Apesar de serem enfermidades bem diferentes entre si, todas apresentam como característica em comum o fato de serem patologias crônicas – demandando cuidados contínuos uma vez que não possuem cura. Dentre elas, dados divulgados pelo Ministério da Saúde mostram que cerca de 100 mil novos casos de alguma forma de demência são diagnosticados por ano, o que eleva a importância de sua descoberta cedo para aumentar a eficácia do tratamento dos sintomas e garantir uma melhor qualidade de vida para o paciente.

Neste cenário, a tecnologia é uma aliada indispensável para garantir a assertividade dessas campanhas, auxiliando desde o entendimento aprofundado sobre o público-alvo, até a manutenção dessa ação a longo prazo. Sua maior premissa deve ser a proatividade, entrando em contato periodicamente com as pessoas para relembrá-las sobre a realização de determinados exames, consultas que devem retornar, assim como alertar sobre os sintomas destas doenças e onde podem procurar a devida ajuda.

Uma grande dica para iniciar o planejamento destas campanhas é firmar parcerias com clínicas, postos e hospitais públicos e privados que costumam tratar estes pacientes. Além de terem um maior controle e conhecimento sobre o tema, sua ampla base de dados dará informações relevantes sobre estes perfis, os processos usuais de tratamento e remédios mais utilizados. Assim, ao entrarem em contato, terão uma maior certeza em conduzir a conversa conforme cada situação e o procedimento recomendado pelos órgãos oficiais.

Porém, ao contrário de outras campanhas ao longo do ano, o fevereiro roxo requer uma maior delicadeza na mensagem transmitida. O apelo deve ser mais sensível e o mais humanizado possível, uma vez que abordará doenças que não apresentam cura. Por isso, é recomendado contar com o apoio de agentes de voz humanoides, que abordem esses pacientes em um tom mais amigável e leve, os orientando da melhor maneira possível conforme cada caso.
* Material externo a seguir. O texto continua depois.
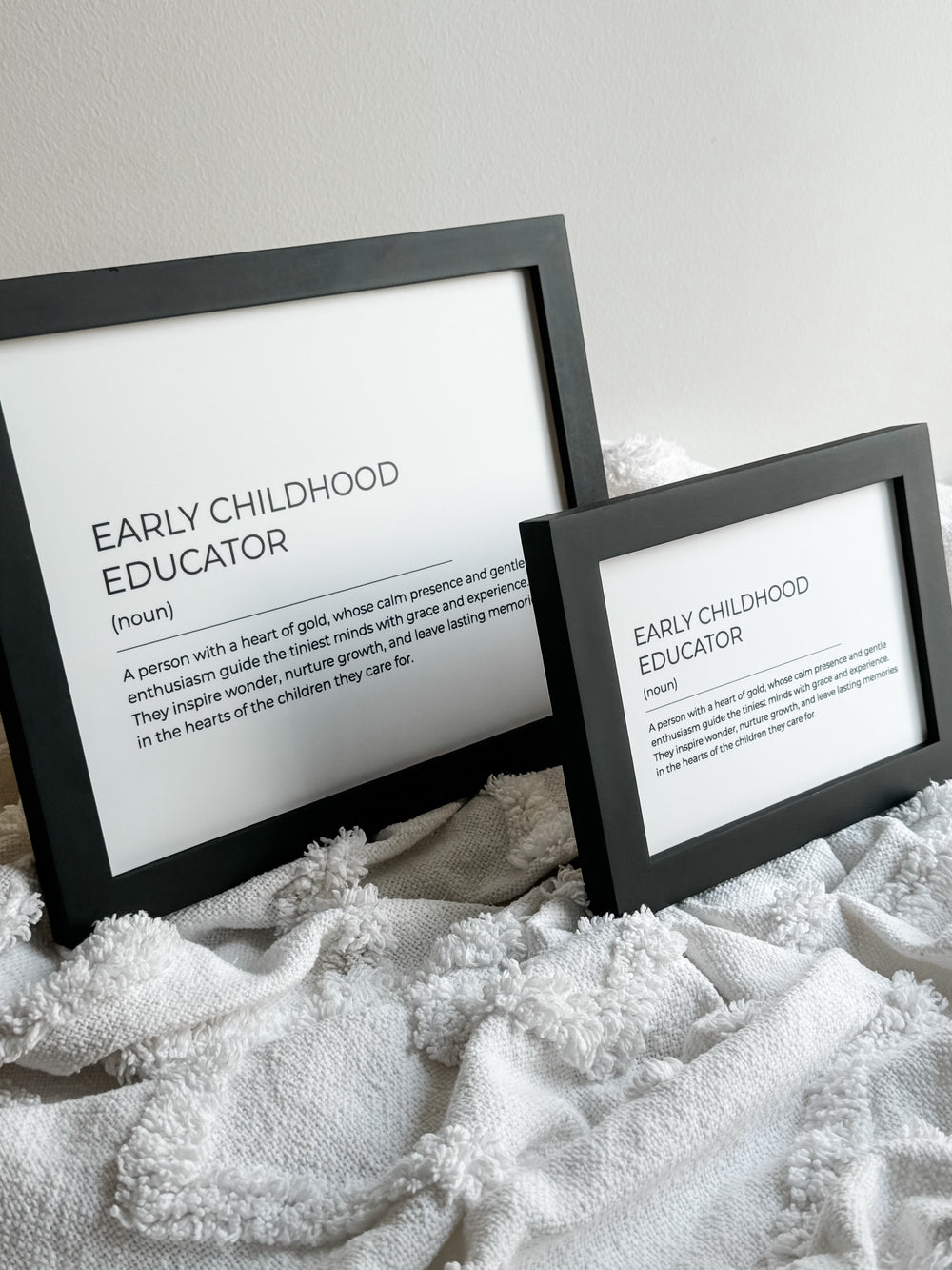 Celebrate your favourite educator with this Educator Definition Frame! It features a fun, witty description that captures the magic, patience, and occasional chaos of looking after our littlest learners. Perfect for brightening a classroom or home office, this frame makes a thoughtful and charming gift that shows teachers how appreciated they truly are. A delightful way to say “thank you” with a smile!
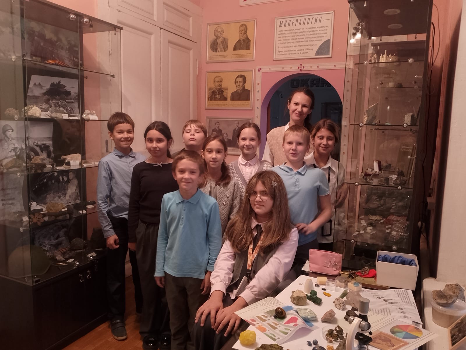 27 октября ученики 4 класса посетили Кабинет минералов и окаменелостей и Мастерскую росписи по дереву на приходе Пантелеимоновского храма. Экскурсия началась в Кабинете минералов и окаменелостей. Здесь ребята с интересом изучали минеральные пигменты, применяемые в художественном искусстве. Каждый школьник попробовал рисовать этими уникальными материалами, экспериментируя с цветами и текстурами. Особое удивление вызвал эффект свечения минералов под УФ-светом — явление люминесценции. Экскурсия продолжилась в Мастерской росписи по дереву, где четвероклассники расписывали деревянные заготовки в различных техниках русских народных.
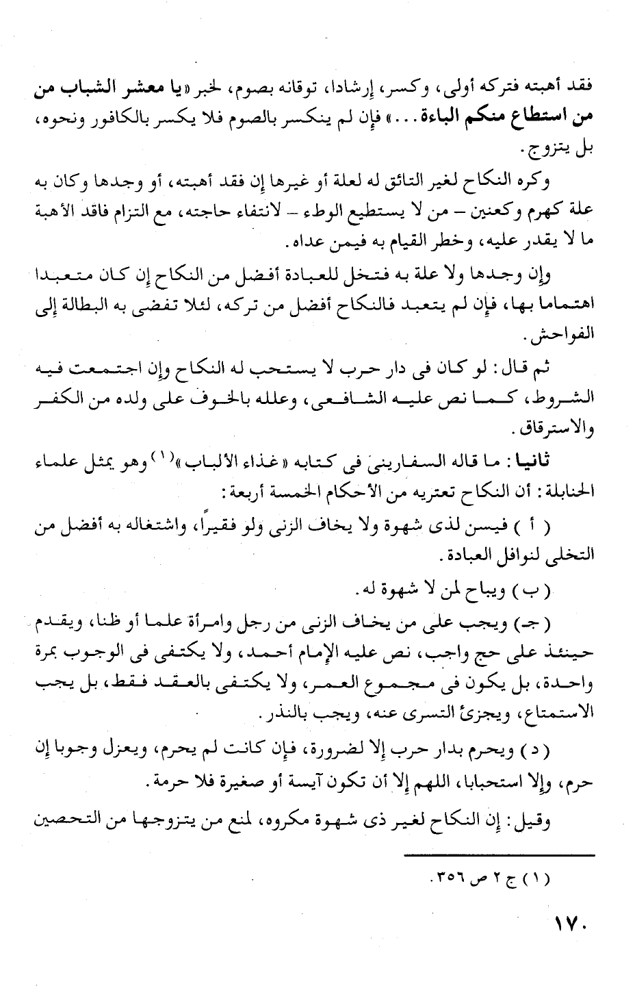 (أ) فيسن لذى شهوة ولا يخاف الزنى ولو فقيرا، واشتغاله به أفضل من
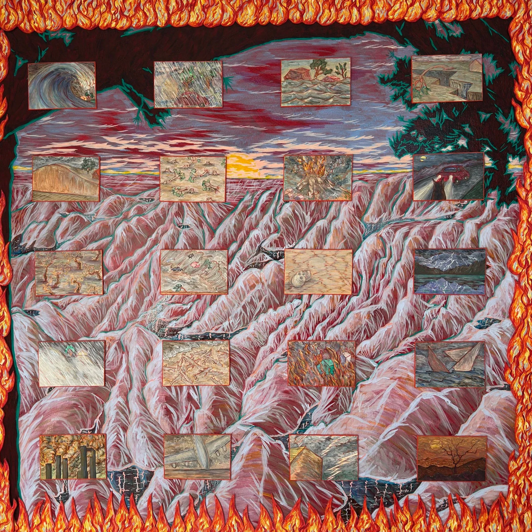 Barbara Strasen’s work seeks to make sense of the inexplicable - she is looking for ways to depict the disordered world in which we find ourselves. What Could Possibly Go Wrong (1987), is part of Strasen’s portraits created through images of different facets of the person she is describing. This spectacular work, featuring hand painted cutout flames around the border, is a tour de force of technical skill, color, and dark wit. The painting is also highly prescient of today's complicated times - the fires in Los Angeles, the current political climate, environmental issues, and social unrest.
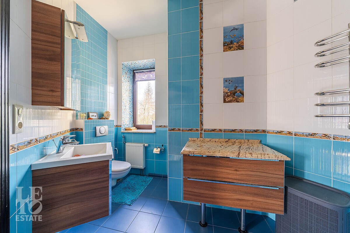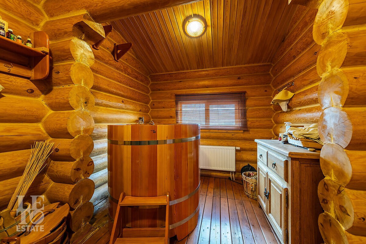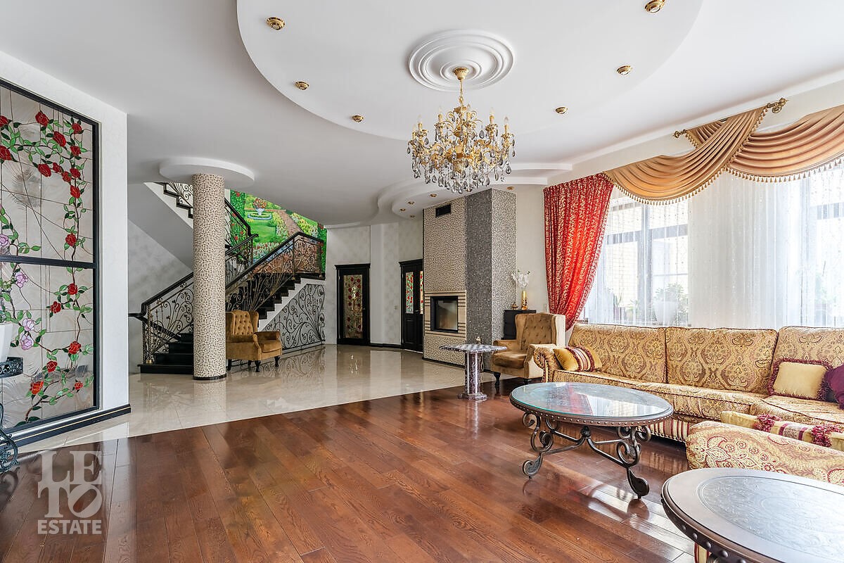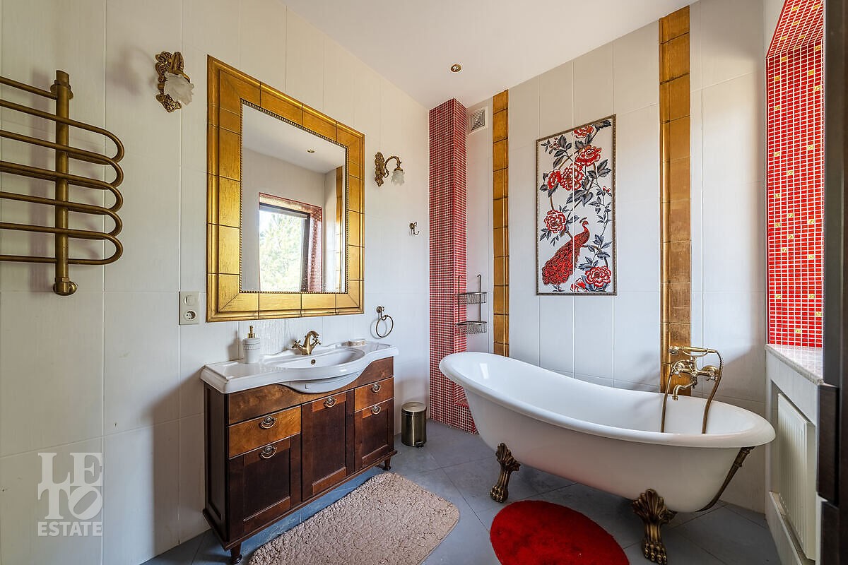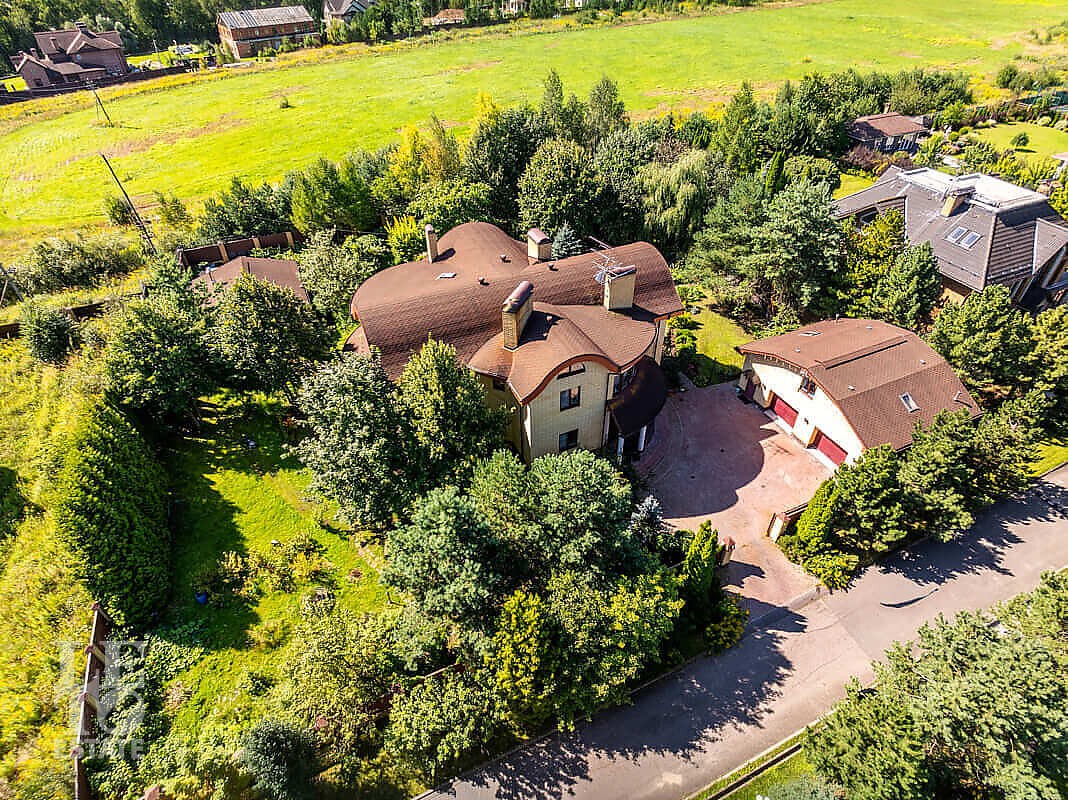 На участке выполнен ландшафтный дизайн, посажены лесные и плодовые деревья, кустарники, цветы, дорожки вымощены брусчаткой и природным камнем, установлено ландшафтное освещение. На участке площадью 27 соток расположен искусственный ручей с прудом и декоративной рыбой.

Essa inteligência artificial é a segunda base na organização das campanhas de saúde, uma vez que apenas conseguirá atingir seu propósito mediante uma sólida base de dados dos pacientes. Com essas informações, o agente de voz pode ser desenvolvido de forma personalizada e não invasivo conforme cada doença, levando em conta que cada uma apresenta suas próprias demandas e cuidados a serem seguidos. No caso do Alzheimer, como exemplo, essa ferramenta precisa ser programada para oferecer a opção de conversar com o responsável pela aquela pessoa.

A longo prazo, a mesma essência da proatividade precisa ser mantida, principalmente nestas doenças do fevereiro roxo – considerando que estes e muitos outros pacientes podem permanecer com problemas de saúde por muitos anos, e precisarão realizar exames rotineiramente como forma de controle de piora de seu estado. Os agentes de voz devem criar recorrência na comunicação, preferencialmente em uma constância mensal para relembrá-los sobre qualquer exame que precisem fazer.

Todas as campanhas de saúde precisam ser desenvolvidas com a maior participação colaborativa possível, contando com os profissionais da área de saúde responsáveis por lidar com esses pacientes e aqueles dedicados a programar a IA para entrar em contato com as pessoas, carregando as características acima. Com o apoio tecnológico, essas ações conseguirão atingir seu público com forte eficácia e, assim, contribuir para o aumento de diagnósticos precoces que auxiliem no tratamento e na qualidade de vida dessas pessoas.